TASK DESCRIPTION: Find the line containing "The Kentucky Show" in the records below. Copy exactly that line and each one after it, ending at the line containing "[67.5W EFFICIENT QUICK", and nothing more.

GIVEN RECORDS:
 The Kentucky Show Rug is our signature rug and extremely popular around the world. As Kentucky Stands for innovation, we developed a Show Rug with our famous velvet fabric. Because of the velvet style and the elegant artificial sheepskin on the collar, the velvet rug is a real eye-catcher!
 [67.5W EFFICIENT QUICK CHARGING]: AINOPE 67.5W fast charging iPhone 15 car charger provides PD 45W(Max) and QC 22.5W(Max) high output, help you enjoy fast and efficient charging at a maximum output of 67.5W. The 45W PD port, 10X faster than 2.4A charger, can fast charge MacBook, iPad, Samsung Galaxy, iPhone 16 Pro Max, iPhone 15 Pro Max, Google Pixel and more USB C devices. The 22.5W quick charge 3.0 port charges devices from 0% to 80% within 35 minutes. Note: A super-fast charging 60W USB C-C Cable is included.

==

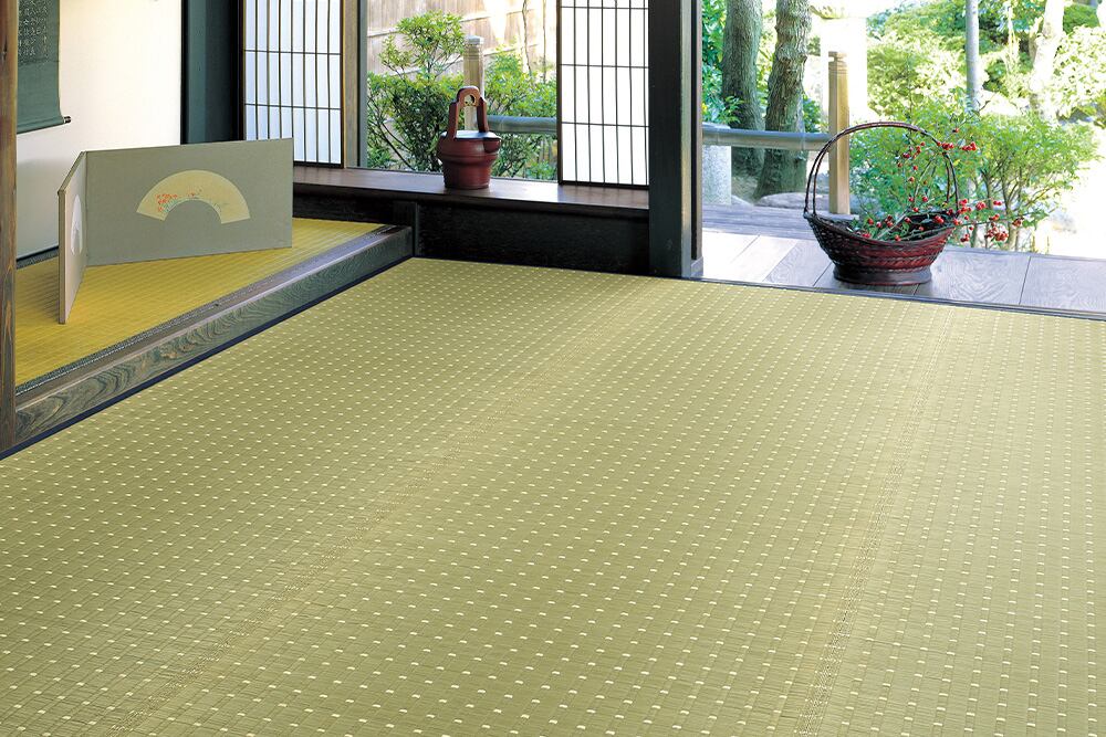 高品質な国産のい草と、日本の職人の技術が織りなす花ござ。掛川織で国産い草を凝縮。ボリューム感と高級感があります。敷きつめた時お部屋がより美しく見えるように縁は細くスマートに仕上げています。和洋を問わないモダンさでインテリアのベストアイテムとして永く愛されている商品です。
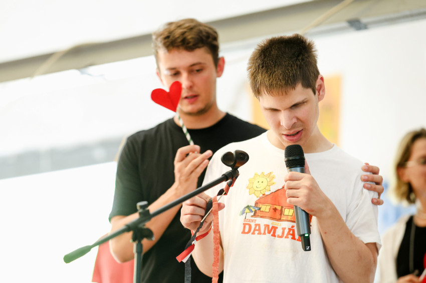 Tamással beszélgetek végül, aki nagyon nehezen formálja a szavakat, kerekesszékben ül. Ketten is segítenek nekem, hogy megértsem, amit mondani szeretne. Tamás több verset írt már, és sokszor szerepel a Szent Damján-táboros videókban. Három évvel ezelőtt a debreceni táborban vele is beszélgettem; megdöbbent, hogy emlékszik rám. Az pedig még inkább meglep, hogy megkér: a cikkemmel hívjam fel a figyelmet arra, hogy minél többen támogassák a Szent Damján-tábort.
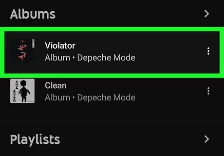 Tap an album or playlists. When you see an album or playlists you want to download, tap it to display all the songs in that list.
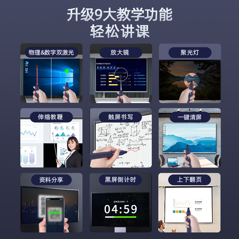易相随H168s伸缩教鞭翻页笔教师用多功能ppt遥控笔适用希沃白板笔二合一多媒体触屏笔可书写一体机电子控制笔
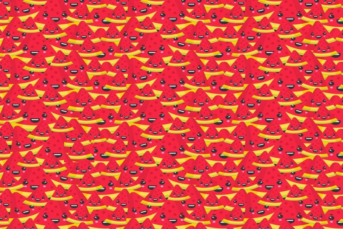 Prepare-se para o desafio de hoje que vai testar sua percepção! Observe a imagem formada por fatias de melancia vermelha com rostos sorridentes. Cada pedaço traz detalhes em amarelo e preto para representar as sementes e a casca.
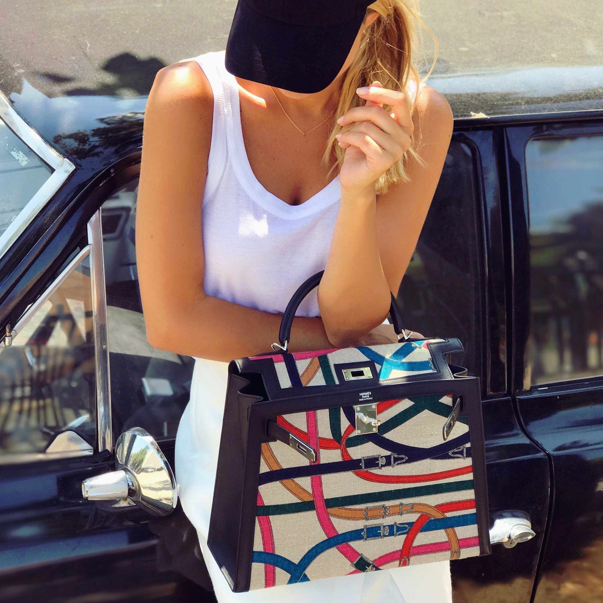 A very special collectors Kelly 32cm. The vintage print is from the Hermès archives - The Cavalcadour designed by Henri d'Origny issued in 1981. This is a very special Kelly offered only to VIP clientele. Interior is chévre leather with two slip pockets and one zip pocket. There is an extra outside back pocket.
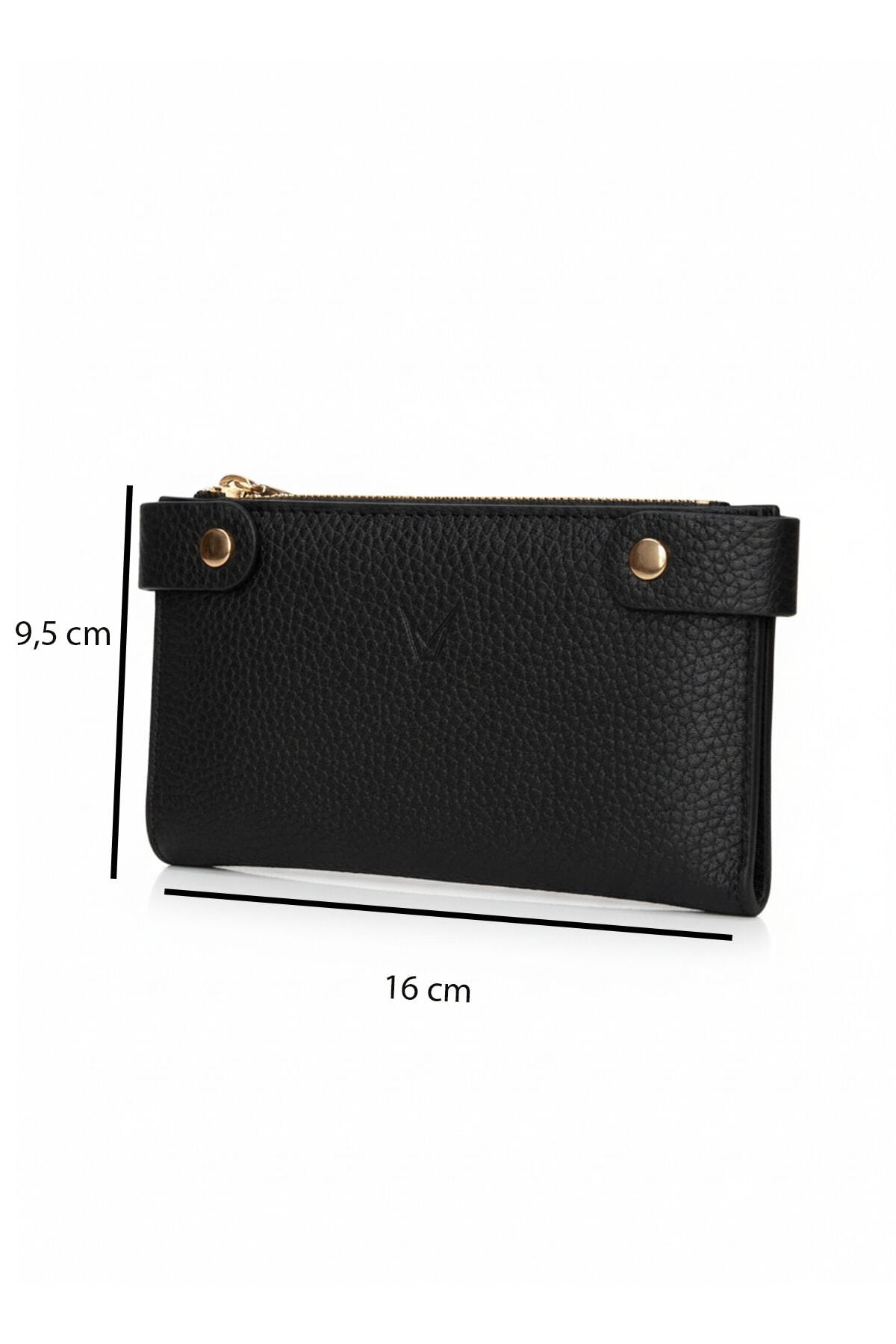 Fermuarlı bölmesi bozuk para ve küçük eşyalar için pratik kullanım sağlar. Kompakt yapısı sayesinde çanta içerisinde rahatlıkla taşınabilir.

* * *

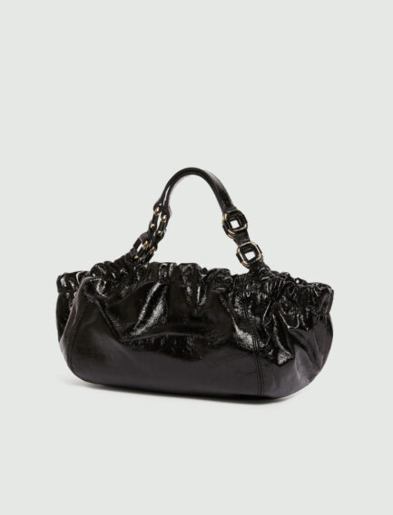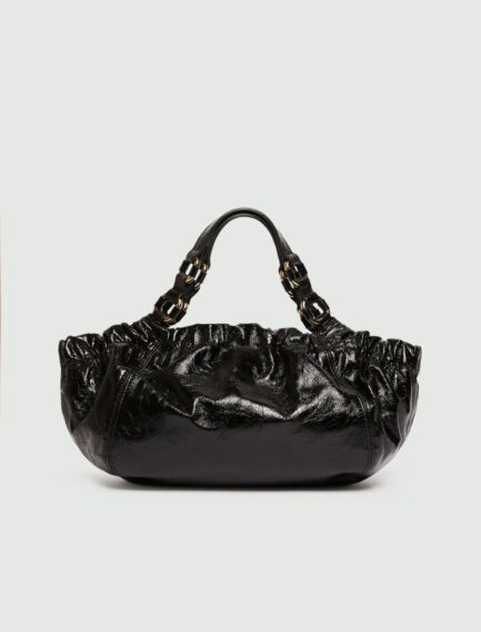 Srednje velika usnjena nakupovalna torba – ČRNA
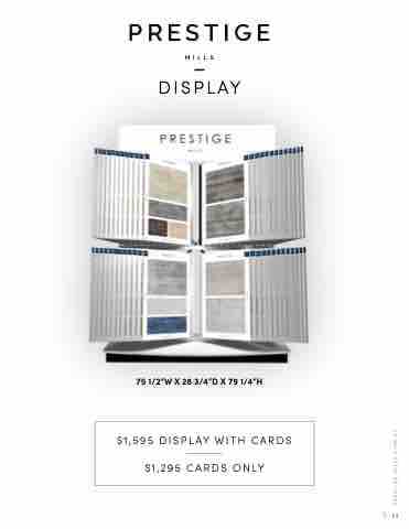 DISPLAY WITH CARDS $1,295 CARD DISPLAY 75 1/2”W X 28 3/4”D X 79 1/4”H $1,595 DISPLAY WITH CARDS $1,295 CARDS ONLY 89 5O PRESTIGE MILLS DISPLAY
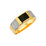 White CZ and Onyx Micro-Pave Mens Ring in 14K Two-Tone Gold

REPLY:
 The Kentucky Show Rug is our signature rug and extremely popular around the world. As Kentucky Stands for innovation, we developed a Show Rug with our famous velvet fabric. Because of the velvet style and the elegant artificial sheepskin on the collar, the velvet rug is a real eye-catcher!
 [67.5W EFFICIENT QUICK CHARGING]: AINOPE 67.5W fast charging iPhone 15 car charger provides PD 45W(Max) and QC 22.5W(Max) high output, help you enjoy fast and efficient charging at a maximum output of 67.5W. The 45W PD port, 10X faster than 2.4A charger, can fast charge MacBook, iPad, Samsung Galaxy, iPhone 16 Pro Max, iPhone 15 Pro Max, Google Pixel and more USB C devices. The 22.5W quick charge 3.0 port charges devices from 0% to 80% within 35 minutes. Note: A super-fast charging 60W USB C-C Cable is included.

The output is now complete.